Find the smallest three digit number that divides 229 and 568 leaving remainder 3 in each case
Answers
Suppose the 3 digit number be n
Now, according to the question:
229=n*a+3 & 568=n*b+3
Subtracting both equations, we get:
568-229=n(b-a)
i.e. n(b-a)=339
It means n divides 339
But the divisors of 339 are 3, 113
Therefore, the smallest 3 digit number is 113.
Answer:
113 is smallest three digit number which divides 229 and 568 leaving remainder 3.
Explanation:
We need to find smallest three digit number that divides 229 and 568 leaves remainder 3 in each case.
Let us suppose three digit number be n
If we divide 229 by n leaves remainder 3.
If we subtract 3 from 229 then it would be exactly divisible by n.
New number is 229-3 = 226
226 is exactly division by n
If we divide 568 by n leaves remainder 3.

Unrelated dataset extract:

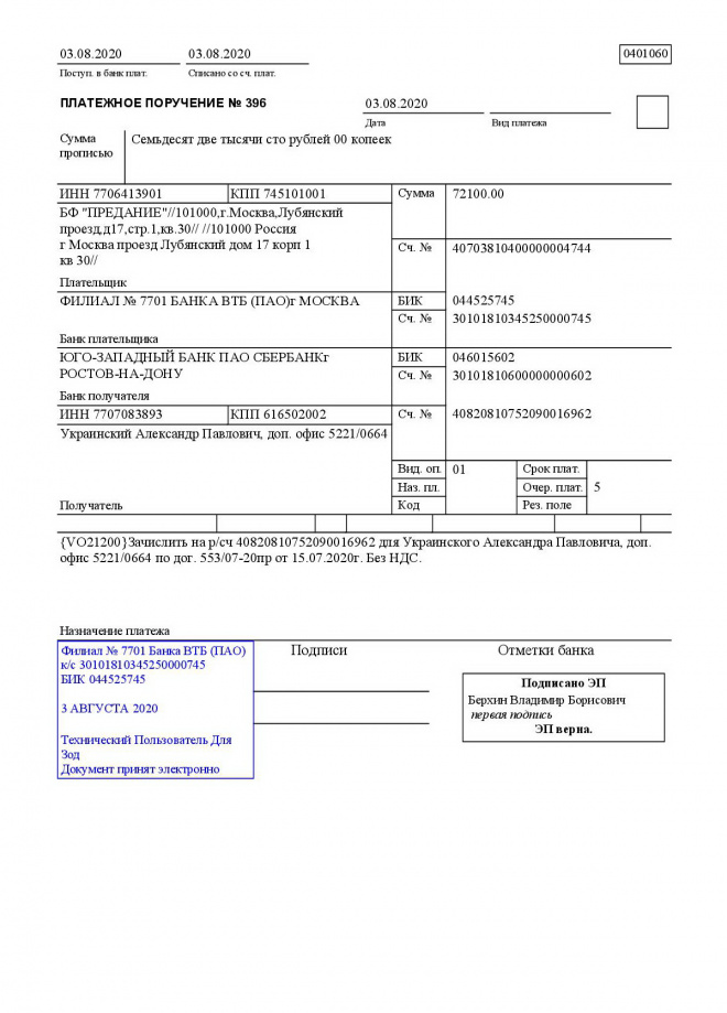 Перечисление заработной платы сотрудникам за июль 2020 г.

If we subtract 3 from 229 then it would be exactly divisible by n.
New number is 568-3 = 565
565 is exactly division by n
Two new number 226 and 565 is exactly divisible by n.
As we know if two numbers is exactly divisible by other number then other number would be HCF of both numbers.
Now we find the HCF of 226 and 565
Factors of 226 = 2 x 113
Factors of 565 = 5 x 113
HCF of (226,565) = 113
Thus, 113 is smallest three digit number which divides 229 and 568 leaving remainder 3.